Real-time stereo vision system guides land vehicle

At the department of computer engineering of Parma University (Parma, Italy), Alberto Broggi and his colleagues have successfully demonstrated a stereo-vision-based system to increase road safety on an autonomously controlled land vehicle. Called Generic Obstacle and Lane Detection (GOLD), the vision system is based on a Pentium processor capable of processing 25 frames/s.

Aug 1st, 1998

Real-time stereo vision system guides land vehicle

At the department of computer engineering of Parma University (Parma, Italy), Alberto Broggi and his colleagues have successfully demonstrated a stereo-vision-based system to increase road safety on an autonomously controlled land vehicle.
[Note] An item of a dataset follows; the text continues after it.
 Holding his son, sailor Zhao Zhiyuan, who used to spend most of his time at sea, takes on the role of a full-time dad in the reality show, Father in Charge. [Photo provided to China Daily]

Called Generic Obstacle and Lane Detection (GOLD), the vision system is based on a Pentium processor capable of processing 25 frames/s.
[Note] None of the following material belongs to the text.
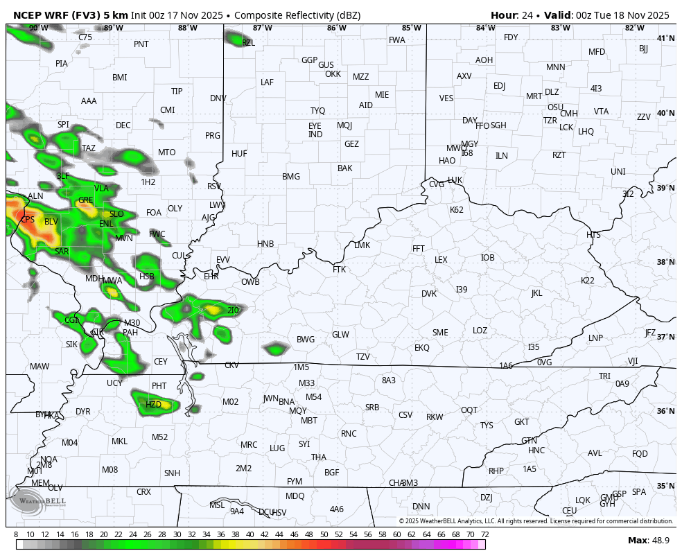 The end result will be some pretty good showers and storms rumbling through here tonight through early Wednesday. This shows up well on the WRF Future Radar animation that starts at 7 tonight and goes through 7am Wednesday…

"The system has been tested both in the laboratory and on-board the university`s experimental land vehicle. It has demonstrated robustness with respect to shadows and changing illumination conditions, different road textures, and vehicle movements," says Broggi.

To localize obstacles in front of the vehicle, pairs of stereo images are processed using inverse perspective mapping. This technique is based on a transform that remaps both stereo images into a common domain. Any disparity in the remapped images is then due to a deviation from the road model, thereby allowing the detection of potential obstacles.
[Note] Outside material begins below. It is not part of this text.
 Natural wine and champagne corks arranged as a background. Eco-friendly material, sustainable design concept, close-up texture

Lane detection is based on a pattern-matching technique that relies on the presence of road markings. "In the remapped domain, the detection of lane markings is simplified because markings can be represented as almost vertical lines with constant width," says Broggi. And, because the remapped image represents a bird`s-eye view of the road surface, lane-marking detection can be accomplished through morphological processing.

"Because both obstacle location and detection of lane markings are based on the processing of images remapped into the same domain, the fusion of the result of the two operations is straightforward," Broggi says. When one or more obstacles are detected, their position and size are given as inputs to the lane-detection algorithm. The obstacle area is not considered during the lane-detection process, thus avoiding the risk that the obstacle shape could be confused by a part of a lane marking.

Output of the image-processing stage is displayed on both an on-board monitor and a control panel to give visual feedback to the operator. The university`s experimental land vehicle has been driven for more than 3000 km along urban roads and freeways at speeds to 80 km/h. The maximum speed tested was 123 km/h.